Additionally, there are some gorgeous standards on the album like Bobby Vinton’s “P.S. I Love You,” which employs his voice as though it were its own instrument as it overpowers the strings in stunning remastered sound. Likewise, the romantically suggestive background sounds of Robert Maxwell’s sultry sax on the beach tune “Shangri-La,” and the incomparable Ella Fitzgerald performing “Manhattan" are honey to the ears. While at first, Mad Men seems like an ideal disc to play in the background of a cocktail party, the tone switches up throughout which is evidenced after Fitzgerald’s sung wish to “turn Manhattan into an isle of joy,” the song is followed up with the wistfully melancholic yet beautiful Andrews Sisters love-gone-wrong number, “I Can Dream, Can’t I?”
This emotionally abrupt transition also begs to mind the question that perhaps upon their initial release the tunes, which may have felt seemingly innocuous and thematically one-note, now suddenly have much more depth when listened to in this unique tapestry of moods illustrating the complexities of the not-so-innocent '60s.Aside from Carbonara’s new works including the deceptively delicate and spiritually potent “Babylon” which plays better on a second run-through since it doesn’t quite mesh with the rest of the album’s tone, another modern track that scored even better with this reviewer due to my lack of familiarity with the series was the show’s theme song “A Beautiful Mine,” (not to be confused with “Mind”) by Aceyalone & RJD2. Their impressive composition, which manages to walk the fine line of echoing the period of the show along with making it resonant for today’s society by infusing it with techno qualities is sure to be one of the most replayed numbers on the entire album. Additionally, it makes me eager to explore more by RJD2, whose soundtrack favorite “Ghostwriter Remix” (played in Wimbledon and Prime) I’d found intriguing for years.

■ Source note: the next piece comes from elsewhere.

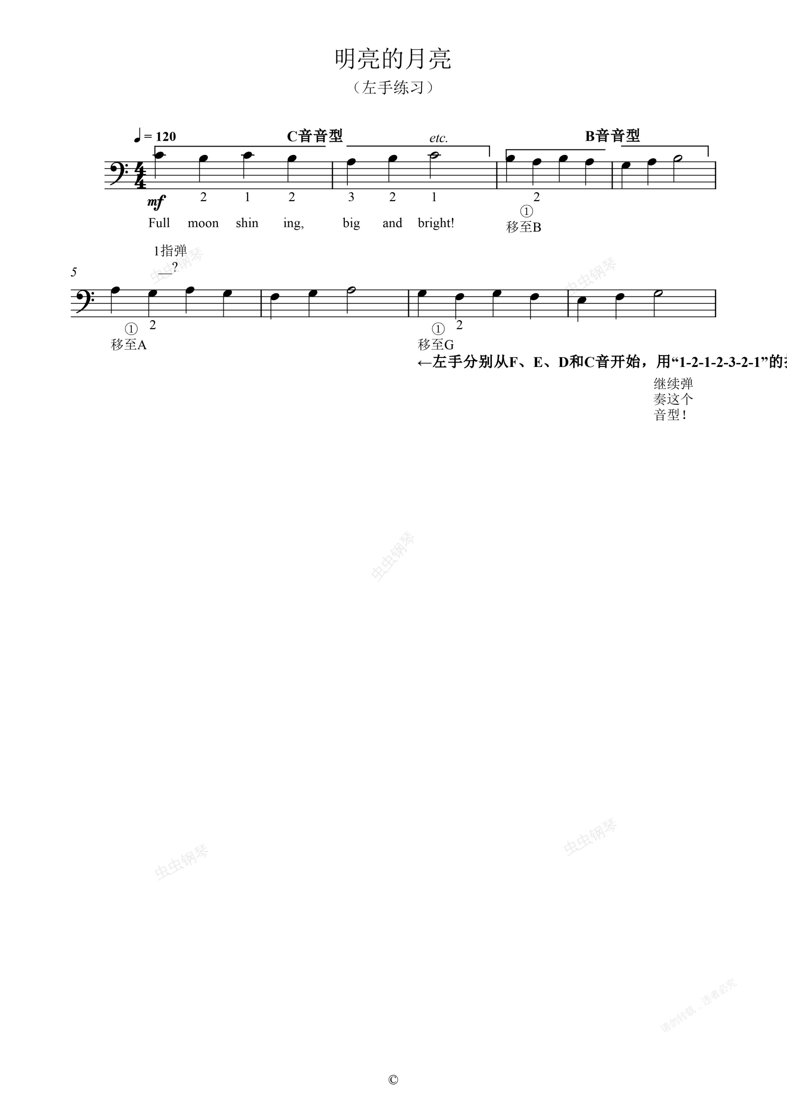 钢琴谱:单元六 明亮的月亮

Other than Damone’s show-stopper, my other favorite classic track was Rosemary Clooney’s “Botch-A-Me” which is integrated just shy of midway through the album. Not only does the tune pick up the pace considerably by offering her trademark boisterous female Louis Prima-esque scat quality with that unstoppably powerful voice but far more impressive is, given her outstanding catalogue of hits — pop-culture wise — it’s a rarity. Thus by including it, Weiner and Patsavas make the soundtrack all the more unique and creative, instead of choosing her more frequently played selections like “Mambo Italiano” or “Come On-a My House,” much like digging deeper throughout Fitzgerald and Vinton’s libraries as well.
Similarly in constantly surprising listeners by refusing to take any shortcuts in their thoughtful musical decisions, Mad Men, Music From The Series, Vol. 1 refuses to fall through the cracks as yet another 60’s collection just like its companion television series manages to keep viewers hooked by not going through the typical, unimaginative motions of most tried and true popular paradigms. For soundtrack lovers, it’s a must-buy and as I can attest, the soundtrack will even manage to seduce those who have yet to join the Mad Men converts. Hmm, now if only, I could finally get my hands on those DVDs.